Sudah seminggu sejak Nicolas terakhir melihat Sophie, tapi ia tak bisa berhenti memikirkannya. Laporan yang ditunggu-tunggu akhirnya ada di mejanya. Ia menatap map itu, bimbang antara membukanya atau membiarkan masa lalu tetap tertutup.
Ia sempat menyimpannya kembali, tapi sepuluh menit kemudian, tak tahan. Ia membuka map itu dan mulai membaca.
Elena Hart telah tinggal di Chesterfield, Virginia, selama hampir enam tahun. Dia masih lajang dan bekerja sebagai guru sejarah sekaligus pendidikan jasmani di sebuah sekolah. Ia memiliki jumlah uang yang cukup besar di bank untuk ukuran seorang guru dan merupakan ibu dari seorang anak laki-laki berusia lima tahun bernama Theo Hart, dengan ayah yang tidak diketahui.
Jadi, dia adalah seorang ibu tunggal, mungkin pernah menjalin hubungan dengan seseorang yang tidak ingin bertanggung jawab. Di dalam map itu juga terdapat foto mereka berdua, diambil dari kejauhan. Sophie tampak sangat cantik. Menjadi seorang ibu sangat cocok untuknya, dan anak itu, dengan rambut hitam, terlihat sangat menggemaskan dari kejauhan.
Nicolas memisahkan foto-foto itu dan termenung lama. Ia kembali mengambil satu foto sang anak dan mengamati lebih saksama. Ia menahan napas. Ia mengenali sorot mata dan garis wajah itu. Sophie Elena Monroe Hart. Tidak ada keraguan lagi. Wanita itu telah mempermainkannya.
Ia segera meraih telepon dan menghubungi sekretarisnya.
"Lorena, batalkan semua pertemuan untuk minggu ini! Aku akan melakukan perjalanan. Minta sopir datang ke rumahku untuk mengambil koper, dan hubungi bandara siapkan jet. Aku ingin berangkat sore ini. Tujuanku Virginia."

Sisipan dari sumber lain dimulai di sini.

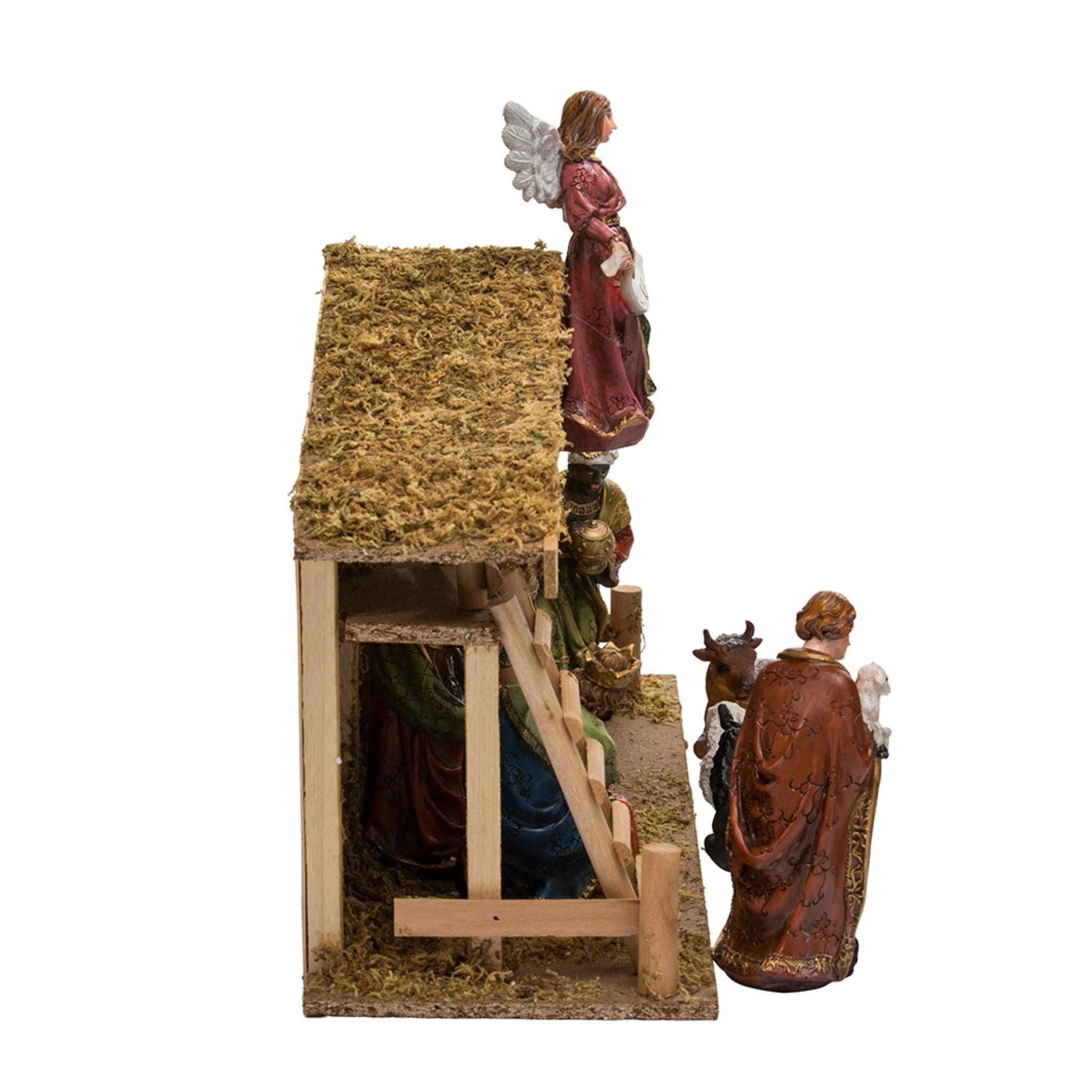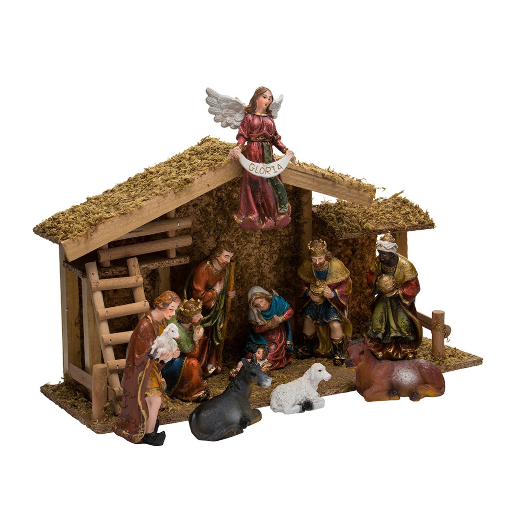 The 12-piece nativity set with a wooden stable is a classic, traditional way to add to your holiday décor. This moss-covered wooden stable houses all the key figures of the first Christmas in painted porcelain: the Holy Family, the Three Wise Men, a shepherd, a cow, a donkey, a sheep, and an angel holding a sign that reads, "Gloria." It will undoubtedly serve as a reminder of the true meaning of Christmas throughout the busy holiday season.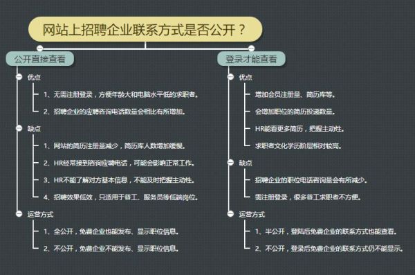 這是從開放的方式來(lái)闡述對(duì)于地方人才網(wǎng)站定位服務(wù)當(dāng)?shù)厝w人群求職招聘的運(yùn)營(yíng)方法來(lái)總結(jié)網(wǎng)站上是否需要公開招聘企業(yè)的聯(lián)系方式。

Ia menelepon rumahnya, dan Hector, kepala pelayan menjawab.
"Hector, siapkan koperku untuk perjalanan satu minggu. Aku berangkat hari ini, dan sopir akan menjemputnya. Aku tidak tahu kapan akan kembali."
Jika semua dugaannya benar, Sophie Monroe akan berharap dia tidak pernah dilahirkan. Nicolas memasukkan dokumen ke dalam tas kerja, mengambil mantel, lalu keluar dari ruangannya dengan langkah cepat. Sekretarisnya, Lorena, menatapnya dengan terkejut melihat wajah Nicolas Virelli yang dipenuhi kemarahan.